Extensive criticisms of her book, citing page and paragraph, are available on the web. One of them has actually been published in the form of a book that is available on Amazon.com. Even a casual reading of these critiques shows that her book has hundreds of verifiable factual errors. For instance, if Doniger says that a particular saint was patronized by a specific sultan, when history books tell us that this saint lived at a different region and time from that of the sultan, how can there be a dispute that she is incorrect? There are hundreds of such embarrassing errors in her book! And when you look at her constant kinking of Hindu scriptural narratives to read like pornographic fiction, you really start wondering. This raises questions about the integrity of the peer review processes used by publishers for reviewing works by Doniger and her students.

Interestingly, these scholars find me to be non-ignorable. Yet they do not talk to me personally before publishing distorted narratives about me. For instance, in her book “The Clash Within”, the radical leftist Martha Nussbaum wrote some vicious personal attacks on me but never contacted me to understand where I was coming from. Another gentleman she interviewed for the book suggested to her that she must contact me directly, but she pointedly refused to do so. No respectable editor of a publishing house ought to allow such slander to pass through. It appears to me that these scholars will accept Hindus only as passive native informants, and not as intellectual equals who can talk back and question them.

– Question: How do you think Penguin should have reacted to the lawsuit against the book?

I believe that academic integrity requires that they should have brought out a new edition of the book correcting the hundreds of errors therein. It is my guess that Doniger manipulated this into a prestige issue, especially because people were talking not about a small number of errors but literally hundreds of errors that would have required her to rewrite entire chapters. If she had made such a major rewrite, the image of her being an impeccable scholar would have been shattered.

Instead of responding to these criticisms and being intellectually honest, Doniger has sought to hide by using the numerous awards that she received from various literary organizations, including those in India!
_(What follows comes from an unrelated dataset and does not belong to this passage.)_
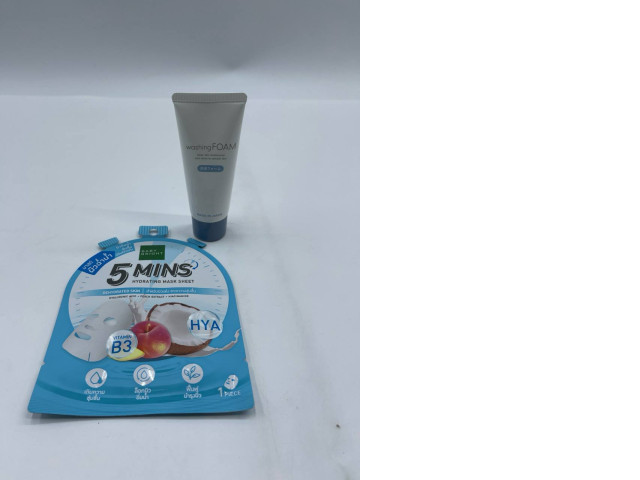 This cosmetic mask is designed to provide intensive hydration for dehydrated skin in just 5 minutes. The mask sheet contains key ingredients such as Hyaluronic Acid, Pecan Extract, and Niacinamide, ensuring that the skin receives deep moisture and nourishment. Additionally, it’s infused with Vitamin B3 to promote a healthy glow. The vibrant blue packaging is not only eye-catching but also clearly indicates its hydrating properties, with icons depicting benefits like moisture and skin improvement. Included with the mask is a tube of washing foam, which serves to cleanse the skin effectively while maintaining hydration. This dual product combination offers a comprehensive skincare routine, perfect for quick revitalization of the face.

Her work is heavily promoted by her students all over the world. Indian Marxist professors entrenched in American universities actually prescribe her books for teaching Hinduism, and this is their own way of promoting Hinduphobia.

If I examine her book as literature, I find it as sensational fiction. But it is severely flawed and biased when evaluated as serious scholarship. The book is not history; it is really the story of her own personal psychology.
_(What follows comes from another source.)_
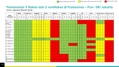Nakes mencukupi std PMK Ada nakes, blm memenuhi std PMK Belum ada nakes Pemenuhan 9 Nakes dan 2 nonNakes di Puskesmas – Prov. DKI Jakarta Kota Jakarta Barat (5/6) 386

– Question: If Doniger’s scholarships is very flawed, haven’t there been criticisms of her work from within the academy? You cannot dismiss all western scholars of Hinduism as “Wendy’s Children.”

You are correct that all Hinduism scholars are not Wendy’s Children. And some who are not, have criticized her books. For instance, Michael Witzel, who is often regarded as a Hindu-hater per his own admission, has publicly shown how wrong her translations of Sanskrit texts are. Another German scholar has called her books as “fast food” that sell a lot and are addictive, but have a long term harmful effect on health, in this case meaning true scholarship. In fact, even Indian Marxist historians who have long suffered from Hinduphobia, used to criticize her books because they rejected the very existence of Hinduism as a religion. So how could she, they argued, write on an ancient religion that she claimed did not exist in the first place? These Indian Marxist historians feared that Doniger’s books could promote “communalism” in India.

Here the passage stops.